Pendidikan dasar berfokus untuk membantu siswa memperoleh
pengetahuan, keterampilan, nilai-nilai dan perspektif yang mendorong
penghidupan yang berkelanjutan dan terus mendukung warga untuk
menjalani kehidupan yang berkelanjutan.
b. Reorientasi program pendidikan yang ada untuk mengatasi keberlanjutan
Reorientasi pendidikan membutuhkan revisi pendidikan sejak dini
perawatan anak dan melalui pendidikan tinggi. Itu membutuhkan
Memikirkan kembali apa yang diajarkan, bagaimana itu diajarkan, dan apa
adanya dinilai, dengan keberlanjutan sebagai tema sentral. Ini adalah
proses berorientasi masa depan karena murid hari ini akan harus mampu
mengatasi tantangan masa depan, yang akan membutuhkan kreativitas
serta keterampilan analisis dan pemecahan masalah.
c. Meningkatkan pemahaman dan kesadaran publik tentang keberlanjutan
Mencapai tujuan pembangunan berkelanjutan membutuhkan warga negara
yang memiliki pengetahuan tentang keberlanjutan dan tentang tindakan
sehari-hari yang diperlukan untuk membantu mencapai komunitas dan
tujuan keberlanjutan nasional. Warga ini akan membutuhkan pendidikan
masyarakat luas dan media yang bertanggung jawab yang berkomitmen
untuk mendorong informasi dan aktif rakyat untuk belajar sepanjang
hidup.
d. Memberikan pelatihan untuk semua sektor tenaga kerja Semua sektor
tenaga kerja dapat berkontribusi untuk lokal, regional dan keberlanjutan
nasional. Baik sektor publik maupun swasta karyawan sektor harus
menerima vokasional yang sedang berlangsung dan pelatihan profesional
diresapi dengan praktik dan prinsip keberlanjutan, sehingga semua
anggota tenaga kerja dapat mengakses pengetahuan dan keterampilan yang
diperlukan untuk membuat keputusan dan bekerja secara berkelanjutan.

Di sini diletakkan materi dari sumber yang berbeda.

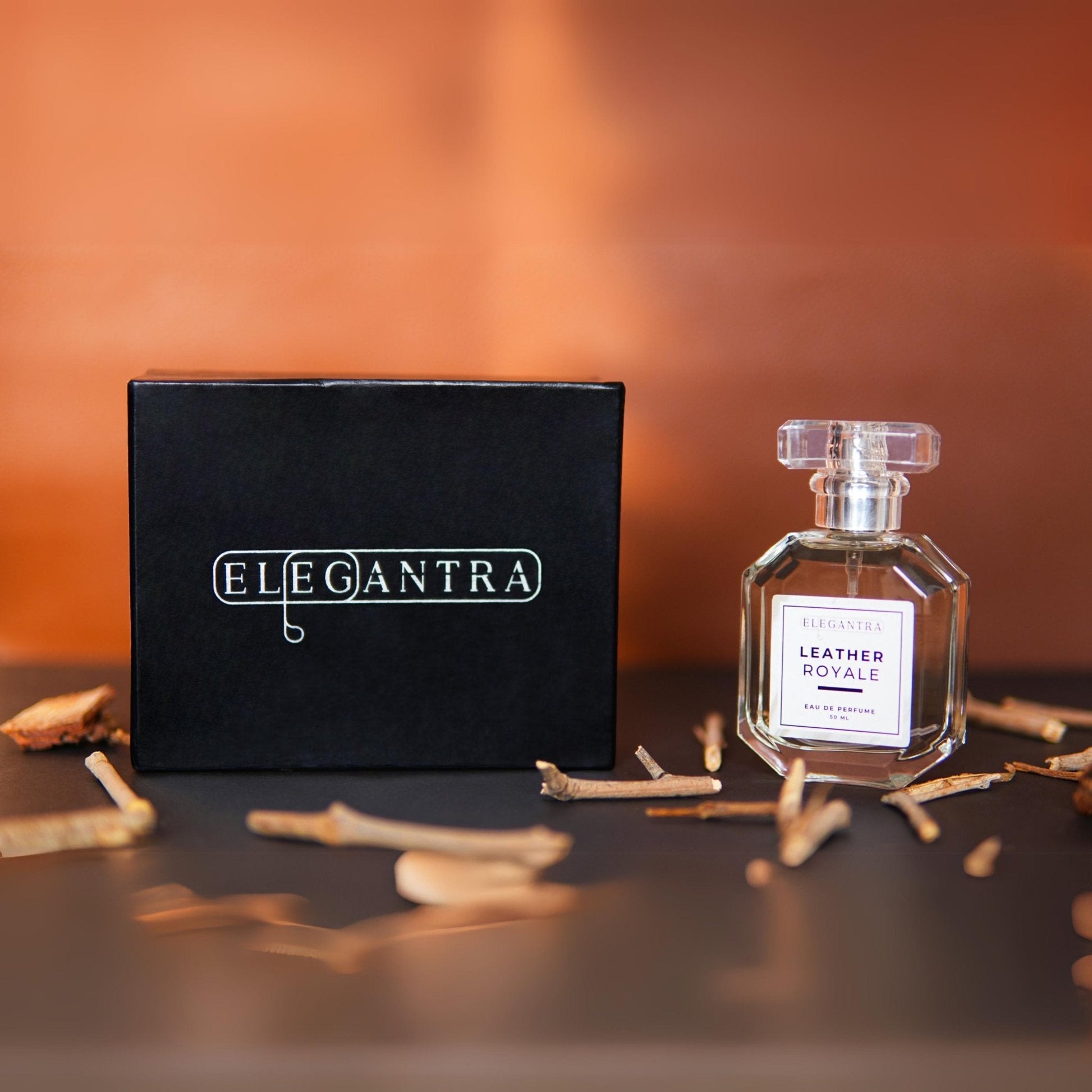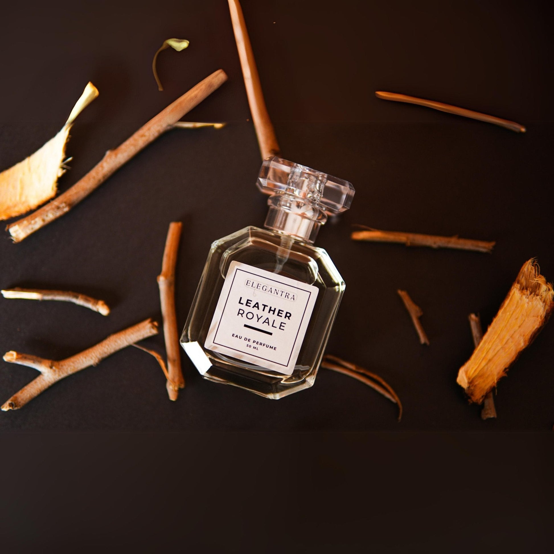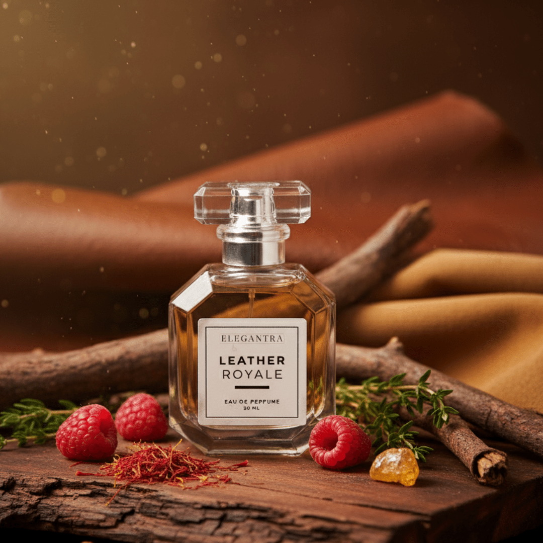 Leather Royale: A commanding fragrance with a vibrant raspberry and saffron introduction, unfolding into a rich leather and woody embrace for a lasting impression.

Dorong satu dan dua terutama melibatkan pendidikan formal. Dorongan
tiga dan empat terutama berkaitan dengan non-formal dan pendidikan
informal. Mengatasi keempat dorongan ESD membutuhkan tindakan oleh
formal, non-formal dan informal sektor komunitas pendidikan (Fadhilla,
2019).
Dari beberapa uraian diatas dapat disimpulkan bahwa education for
sustainable development (ESD) atau pendidikan untuk pembangunan
berkelanjutan adalah sebuah proses dalam membangun sebuah kelompok
masyarakat yang dipersiapkan dalam menghadapi berbagai masalah yang akan
datang baik masalah saintifik ataupun sosial literasi.
2.3. Kemampuan Kognitif
A. Pengertian Kemampuan Kognitif
Menurut kamus besar bahasa Indonesia kemampuan berasal dari kata
mampu yang berarti kuasa (bisa, sanggup) melakukan sesuatu, sedangkan
kemampuan berarti kesanggupan, kecakapan, kekuatan. Sedangkan kognitif
merupakan kegiatan atau proses memperoleh pengetahuan (termasuk
kesadaran, perasan, dsb) atau usaha mengenali sesuatu melalui pengalaman
sendiri.
Menurut Schermerhorn (2009) kemampuan kognitif, intelejensia, dan
intelejensia sosial adalah kemampuan untuk mengumpulkan, menyatukan, dan
mengintepretasikan informasi, dan pengertian kepada lingkup sosial. Dari
beberapa uraian diatas dapat disimpulkan bahwa kemampuan kognitif
merupakan kemampuan seseorang dalam memperoleh sebuah informasi atau
pengetahuan kemudian menyatukannya sesuai pemahamannya yang kemudian
akan menginterpretasikan pengetahuan tersebut untuk disampaikan kepada
orang lain.
Pada dunia pendidikan ada tiga tiga tujuan yang sangat penting dan diakui
oleh para ahli pendidikan yaitu, ranah kognitif, afektif, dan psikomotor. Dalam
hubungan dengan satuan pelajaran, ranah kognitif memegang peranan paling
utama. Yang menjadi tujuan pengajaran di SD, SMP dan SMA pada umunya
adalah peningkatan kemampuan siswa dalam aspek kognitif. Dalam peneletian
ini menggunakan level kognitif yang dikembangkan oleh Benyamin S. Bloom
dengan enam jenjang kemampuan, yaitu:
1. Pengetahuan (knowledge), yaitu jenjang kemampuan yang menuntut
peserta didik untuk dapat mengenali atau mengetahui adanya konsep,
prinsip, fakta atau istilah tanpa harus mengerti atau dapat
menggunakannya.
2. Pemahaman (comprehension), yaitu jenjang kemampuan yang menuntut
peserta didik untuk memahami ataumengerti tentang materi pelajaran yang
disampaikan guru dan dapat memanfaatkannya tanpa harus
menghubungkannya dengan hal-hal lain.
3. Penerapan, yaitu jenjang kemampuan yang menuntut peserta didik untuk
menggunakan ide-ide umum, tata cara ataupun metode, prinsip, dan teori-
teori dalam situasi baru dan konkret.
4. Analisis, yaitu jenjang kemampuan yang menuntut peserta didik untuk
menguraikan suatu situasi atau keadaan tertentu ke dalam unsur-unsuratau
komponen pembentunya.
5. Sintesis, yaitu jenjang kemampuan yang menuntut peserta didik untuk
menghasilkan sesuatu yang baru dengan cara menggabungkan berbagai
faktor, hasil yang diperoleh dapat berupa tulisan, rencana atau mekanisme.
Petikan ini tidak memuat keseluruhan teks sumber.